TAOCP 7.2.1.1 Exercise 1
Introduce shifted variables $b_j = a_j - l_j$.
Section 7.2.1.1: Generating All n-Tuples
Exercise 1. [10] [10] Explain how to generate all n-tuples (a1, . . . , an) in which lj ≤aj ≤uj, given lower bounds lj and upper bounds uj for each component. (Assume that lj ≤uj.)
Verified: yes
Solve time: 54s
Introduce shifted variables $b_j = a_j - l_j$. The bounds $l_j \le a_j \le u_j$ become $0 \le b_j \le u_j - l_j$. Define $m_j = u_j - l_j + 1$, so each $b_j$ satisfies $0 \le b_j < m_j$. The problem reduces to generating all $n$-tuples $(b_1,\dots,b_n)$ in a mixed-radix system with radices $m_1,\dots,m_n$.

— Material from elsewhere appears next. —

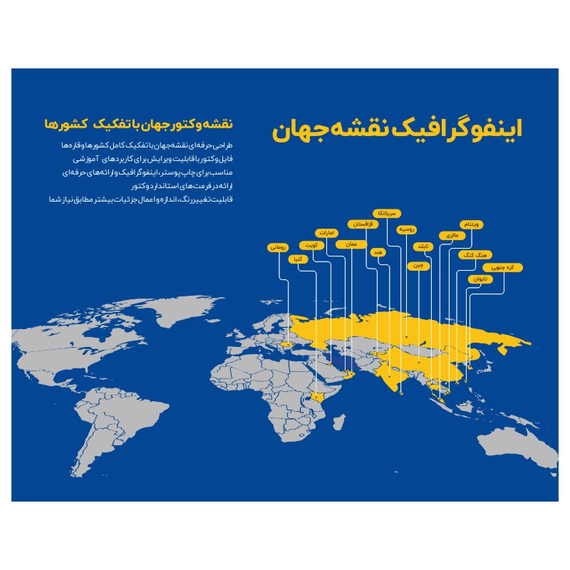 اینفوگرافیک نقشه جهان با طراحی حرفهای مناسب ارائه آماری، محتوای آموزشی، گزارش و پروژههای گرافیکی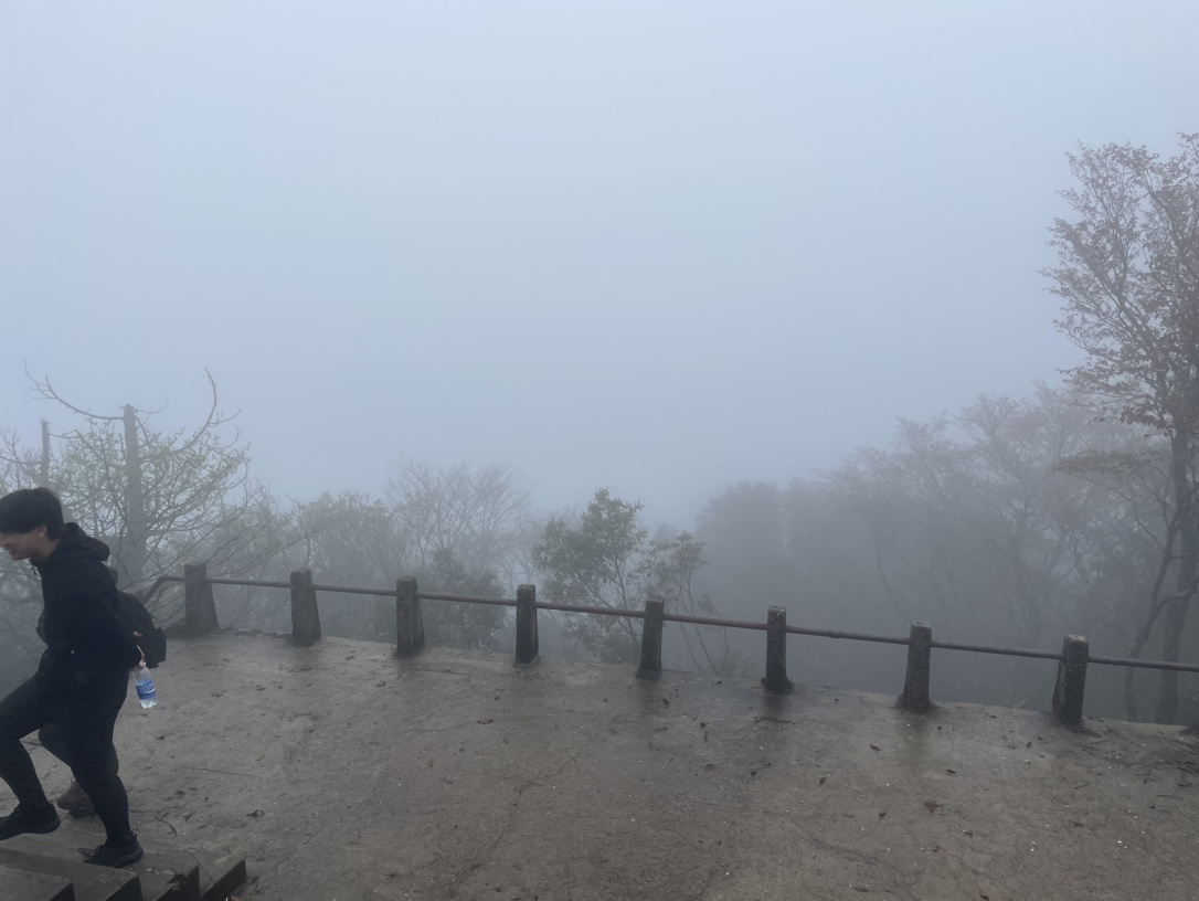 スタート地点のかまど神社にて。霧雨の中、登山開始です。

Apply Algorithm M of Section 7.2.1.1 to generate all $(b_1,\dots,b_n)$ by repeated increment in mixed radix, treating $(b_1,\dots,b_n)$ as digits of a number with radix sequence $m_j$. For each generated tuple, output $a_j = b_j + l_j$ for $1 \le j \le n$, which produces exactly the required set of $n$-tuples satisfying $l_j \le a_j \le u_j$. This completes the construction. ∎